What you will do:
Please write out the listing exactly, leaving each picture out.

Data:
- Opening Delimiter -
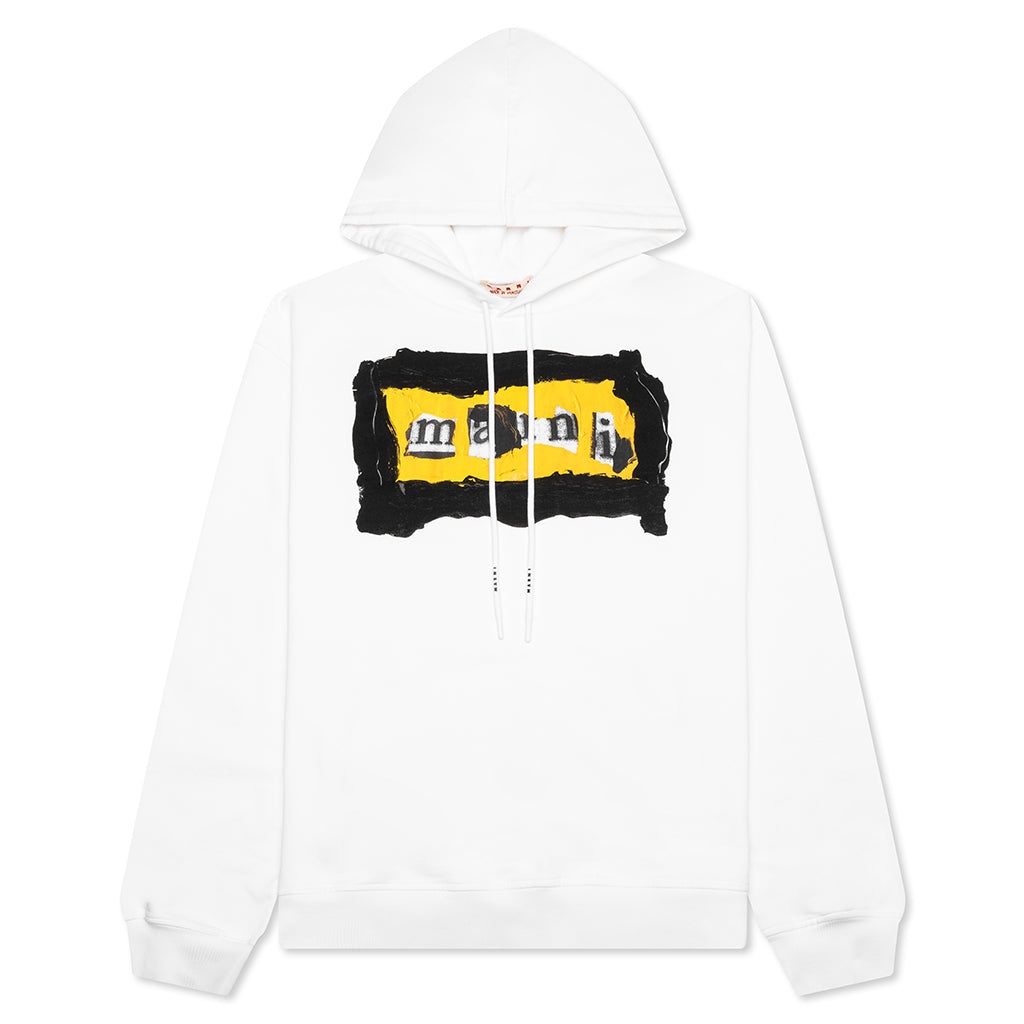The Marni Painted On Collage Yellow Logo Hoodie is made from a soft cotton blend, offering both comfort and style. Ribbed cuffs and hem provide a tailored fit, while the relaxed silhouette ensures ease of movement. The bright lily white color adds a fresh, clean look to your casual wardrobe, while the subtle Marni logo on the chest adds a refined, signature detail. - Cotton blend - Ribbed cuffs and hem - Relaxed silhouette for comfort - Style No: FUMU0137P6 USCX90 00W01
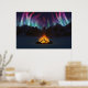 Em um vale coberto de neve em uma noite gelada no morto do inverno uma fogueira salta para cima para espelhar as luzes do norte enchendo o céu acima das montanhas distantes.
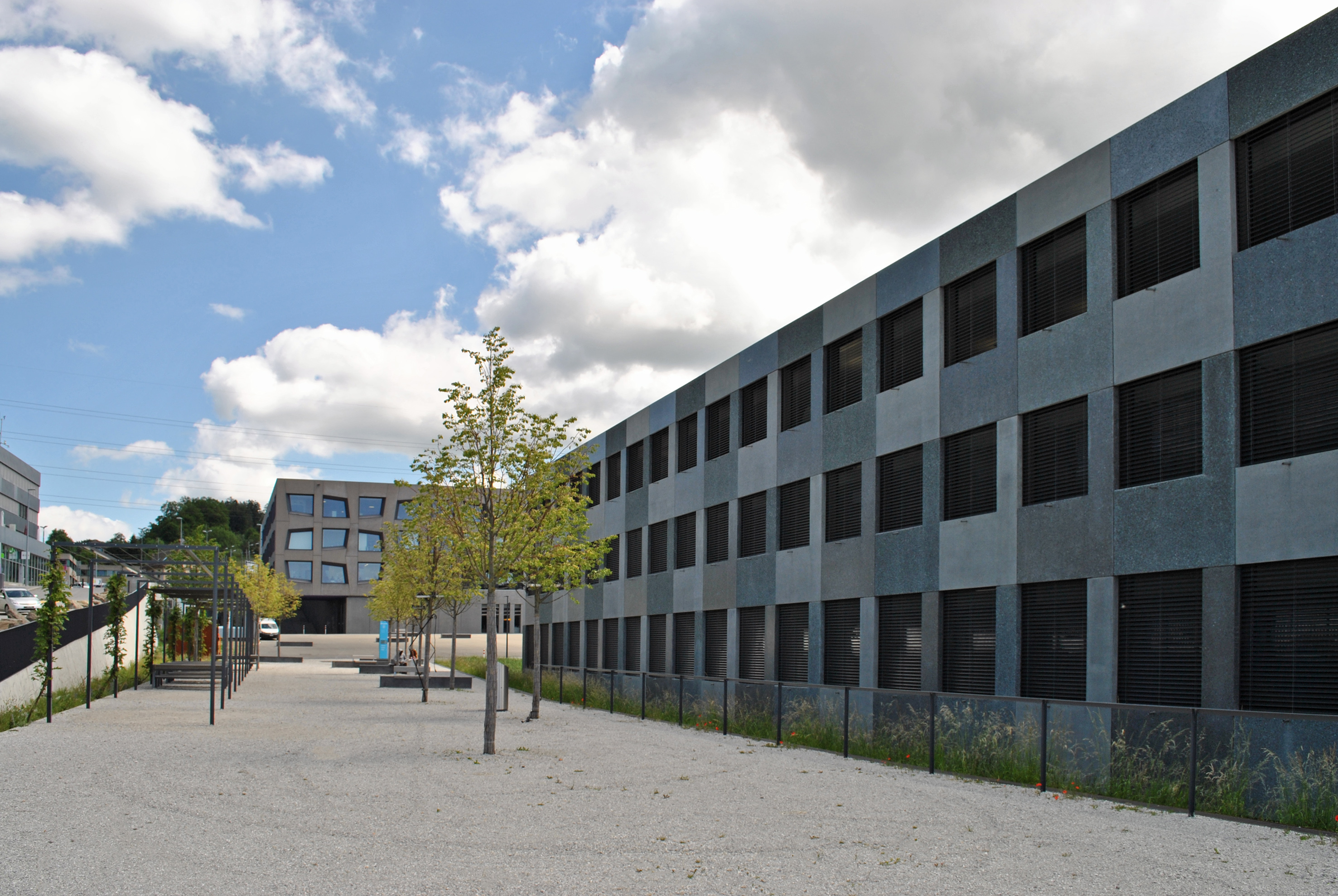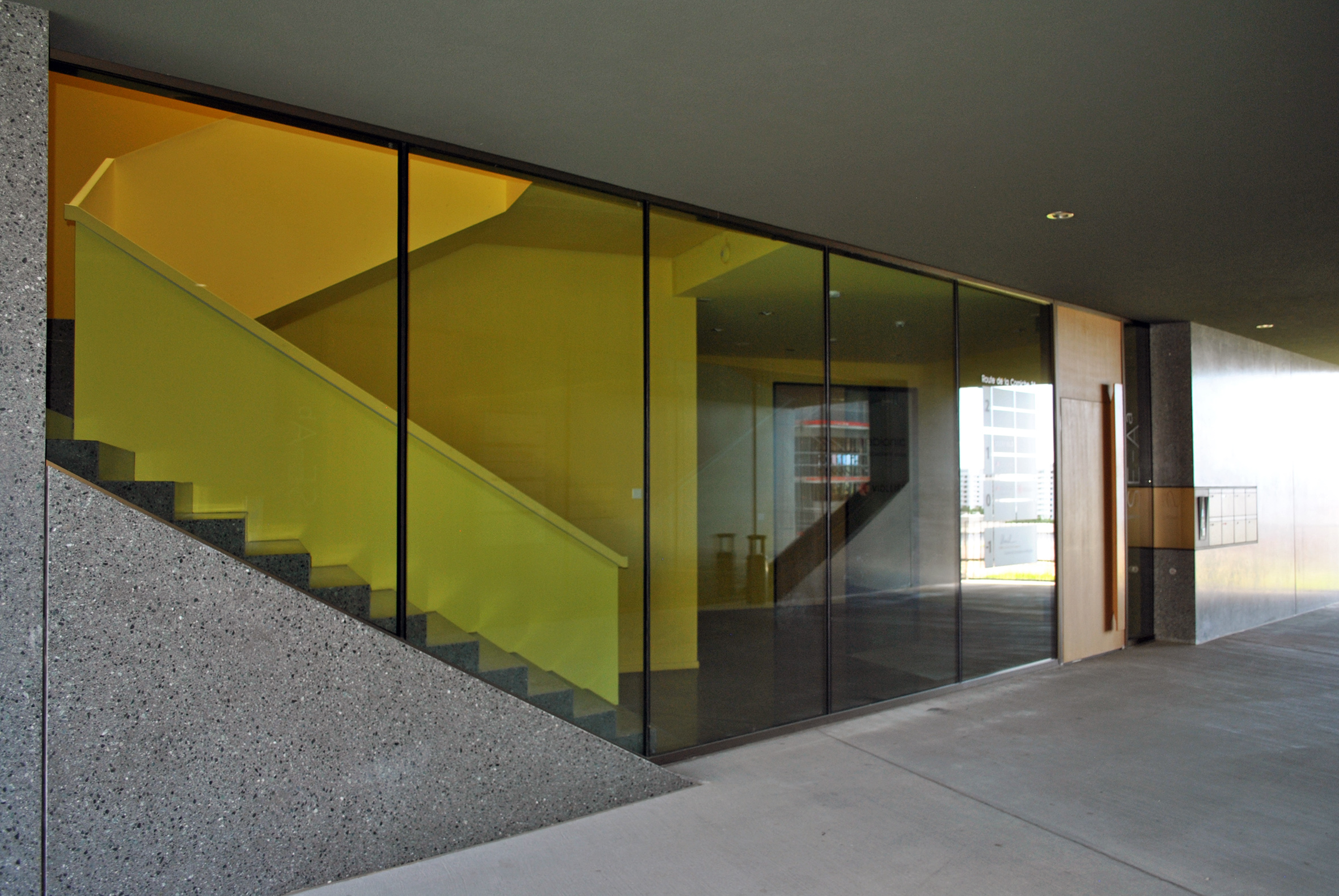 la façade en éléments préfabriqués béton s’inspire d’une toile de Paul Klee de 1930, intitulée «Rythmique». L’effet de couleurs est obtenu à partir des mêmes agrégats du béton, dont la surface est traitée différemment,
- Closing Delimiter -
Answer area:
The Marni Painted On Collage Yellow Logo Hoodie is made from a soft cotton blend, offering both comfort and style. Ribbed cuffs and hem provide a tailored fit, while the relaxed silhouette ensures ease of movement. The bright lily white color adds a fresh, clean look to your casual wardrobe, while the subtle Marni logo on the chest adds a refined, signature detail. - Cotton blend - Ribbed cuffs and hem - Relaxed silhouette for comfort - Style No: FUMU0137P6 USCX90 00W01
 Em um vale coberto de neve em uma noite gelada no morto do inverno uma fogueira salta para cima para espelhar as luzes do norte enchendo o céu acima das montanhas distantes.
 la façade en éléments préfabriqués béton s’inspire d’une toile de Paul Klee de 1930, intitulée «Rythmique». L’effet de couleurs est obtenu à partir des mêmes agrégats du béton, dont la surface est traitée différemment,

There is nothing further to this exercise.